» **SOURCE RECORDS**
○ ○ ○ ○ ○ ○ ○

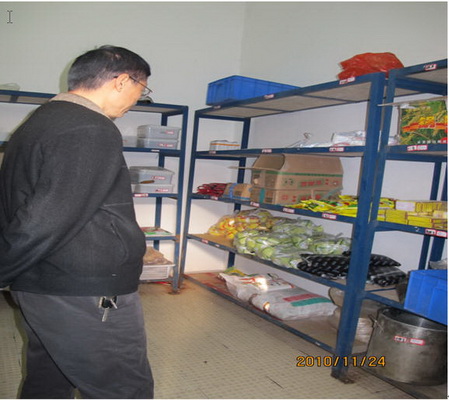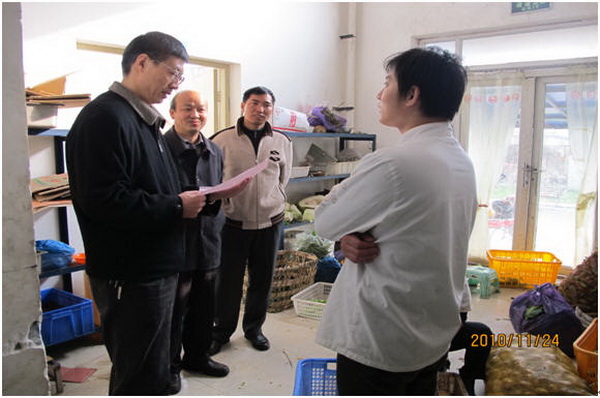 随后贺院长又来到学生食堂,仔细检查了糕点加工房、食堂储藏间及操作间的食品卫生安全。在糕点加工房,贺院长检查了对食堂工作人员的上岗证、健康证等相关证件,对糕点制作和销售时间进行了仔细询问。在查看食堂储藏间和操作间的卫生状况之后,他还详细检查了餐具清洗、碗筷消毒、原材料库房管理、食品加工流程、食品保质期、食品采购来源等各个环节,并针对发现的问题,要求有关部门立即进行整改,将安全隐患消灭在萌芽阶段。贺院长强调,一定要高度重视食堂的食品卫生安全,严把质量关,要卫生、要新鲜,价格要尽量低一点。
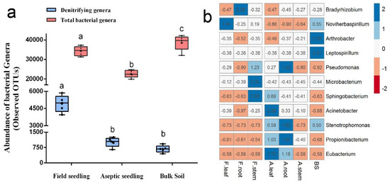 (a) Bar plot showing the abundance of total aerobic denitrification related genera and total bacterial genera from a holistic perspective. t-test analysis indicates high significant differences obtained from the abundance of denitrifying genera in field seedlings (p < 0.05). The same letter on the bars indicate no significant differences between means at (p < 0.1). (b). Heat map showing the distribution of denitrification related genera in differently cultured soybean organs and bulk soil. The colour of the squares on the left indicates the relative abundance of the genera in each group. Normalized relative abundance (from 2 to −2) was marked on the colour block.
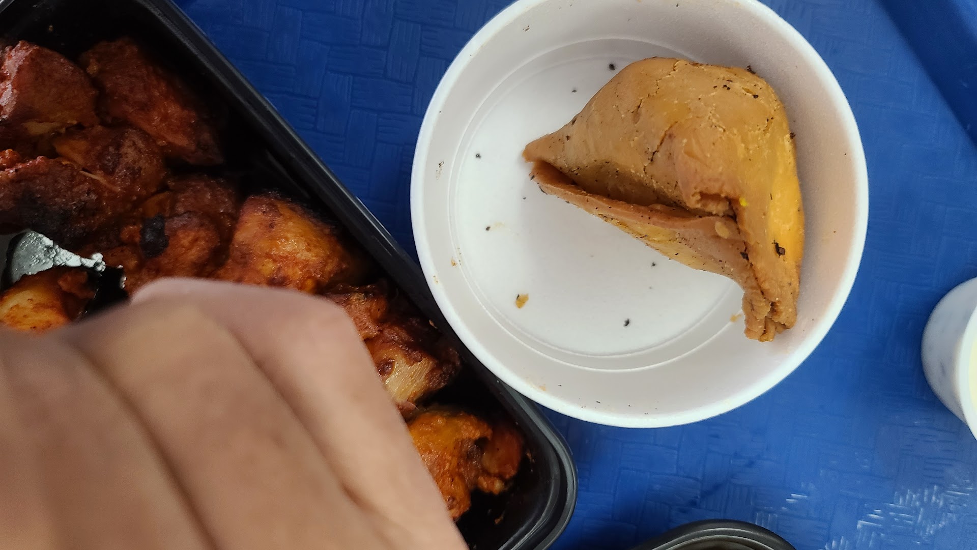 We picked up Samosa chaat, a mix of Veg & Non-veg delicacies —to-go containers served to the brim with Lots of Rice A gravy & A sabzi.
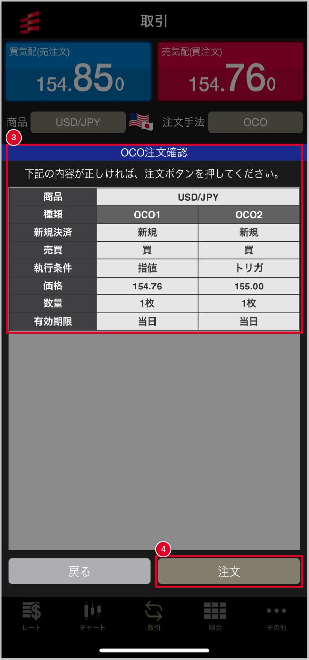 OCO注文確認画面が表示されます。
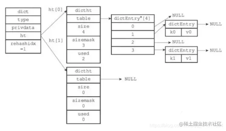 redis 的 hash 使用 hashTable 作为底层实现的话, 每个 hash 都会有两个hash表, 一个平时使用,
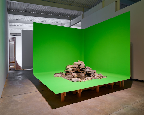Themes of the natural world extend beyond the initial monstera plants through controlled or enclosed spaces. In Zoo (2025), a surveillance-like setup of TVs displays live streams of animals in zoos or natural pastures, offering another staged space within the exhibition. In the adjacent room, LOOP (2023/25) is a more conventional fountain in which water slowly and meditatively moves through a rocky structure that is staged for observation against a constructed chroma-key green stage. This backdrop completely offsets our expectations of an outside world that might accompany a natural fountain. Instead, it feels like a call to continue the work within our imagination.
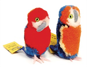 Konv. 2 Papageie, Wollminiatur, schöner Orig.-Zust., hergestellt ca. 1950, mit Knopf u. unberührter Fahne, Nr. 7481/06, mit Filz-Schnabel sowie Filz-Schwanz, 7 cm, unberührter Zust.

○ ○ ○ ○ ○ ○ ○

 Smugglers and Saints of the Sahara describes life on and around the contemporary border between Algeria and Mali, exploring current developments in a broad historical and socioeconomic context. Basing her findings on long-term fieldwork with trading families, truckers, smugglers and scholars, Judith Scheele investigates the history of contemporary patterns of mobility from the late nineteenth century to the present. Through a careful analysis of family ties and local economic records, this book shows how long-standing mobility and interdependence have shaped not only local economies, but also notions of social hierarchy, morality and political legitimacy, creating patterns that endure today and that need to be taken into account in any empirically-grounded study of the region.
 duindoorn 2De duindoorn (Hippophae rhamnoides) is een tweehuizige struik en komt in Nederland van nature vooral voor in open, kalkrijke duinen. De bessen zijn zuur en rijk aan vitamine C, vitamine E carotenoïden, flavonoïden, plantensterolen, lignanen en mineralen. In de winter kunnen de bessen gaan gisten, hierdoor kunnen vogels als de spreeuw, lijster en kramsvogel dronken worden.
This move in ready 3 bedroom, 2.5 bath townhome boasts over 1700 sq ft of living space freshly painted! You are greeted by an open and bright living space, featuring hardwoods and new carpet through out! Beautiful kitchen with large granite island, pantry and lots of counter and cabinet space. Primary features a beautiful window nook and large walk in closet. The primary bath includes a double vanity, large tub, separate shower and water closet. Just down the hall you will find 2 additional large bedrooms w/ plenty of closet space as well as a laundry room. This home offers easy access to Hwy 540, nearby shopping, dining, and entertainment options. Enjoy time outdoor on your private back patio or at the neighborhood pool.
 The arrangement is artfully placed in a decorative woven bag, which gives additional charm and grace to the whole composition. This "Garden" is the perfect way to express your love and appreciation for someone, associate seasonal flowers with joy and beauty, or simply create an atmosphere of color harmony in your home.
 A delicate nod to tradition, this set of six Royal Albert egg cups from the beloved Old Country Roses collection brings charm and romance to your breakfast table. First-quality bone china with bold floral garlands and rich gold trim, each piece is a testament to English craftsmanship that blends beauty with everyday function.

○ ○ ○ ○ ○ ○ ○

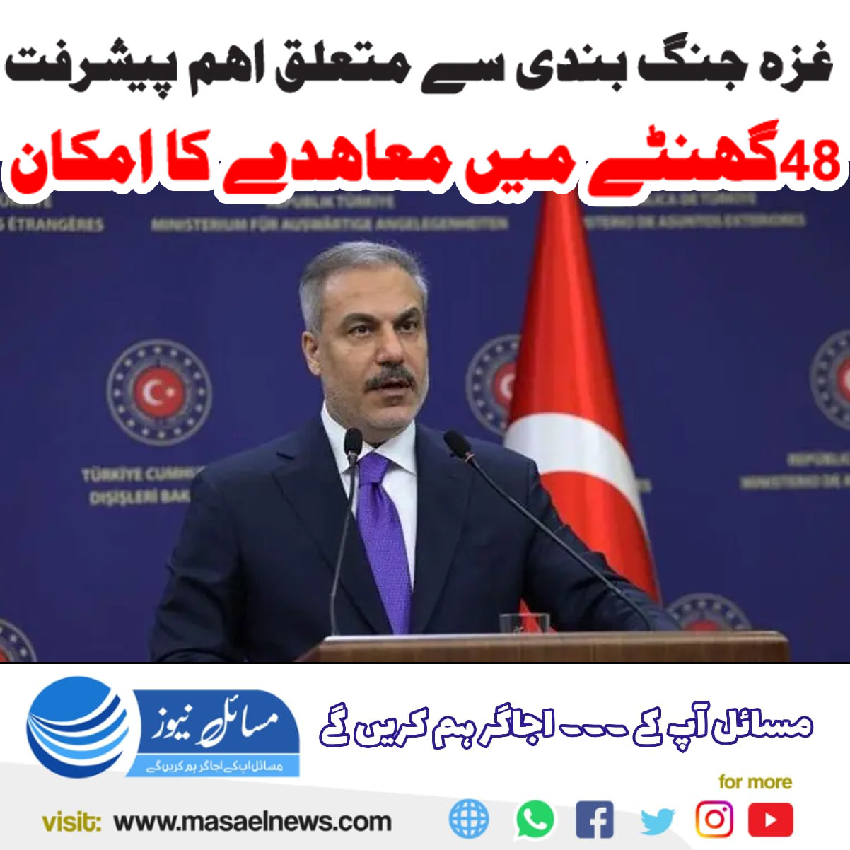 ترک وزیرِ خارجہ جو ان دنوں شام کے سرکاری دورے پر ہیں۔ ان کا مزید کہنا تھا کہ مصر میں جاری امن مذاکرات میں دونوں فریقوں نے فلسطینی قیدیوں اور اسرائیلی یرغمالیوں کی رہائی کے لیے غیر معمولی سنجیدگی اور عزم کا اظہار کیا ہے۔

○ ○ ○ ○ ○ ○ ○

» **WHAT THIS TASK INVOLVES**
Copy every line from the entries that contains the word "charm".

» **TASK OUTPUT**
 The arrangement is artfully placed in a decorative woven bag, which gives additional charm and grace to the whole composition. This "Garden" is the perfect way to express your love and appreciation for someone, associate seasonal flowers with joy and beauty, or simply create an atmosphere of color harmony in your home.
 A delicate nod to tradition, this set of six Royal Albert egg cups from the beloved Old Country Roses collection brings charm and romance to your breakfast table. First-quality bone china with bold floral garlands and rich gold trim, each piece is a testament to English craftsmanship that blends beauty with everyday function.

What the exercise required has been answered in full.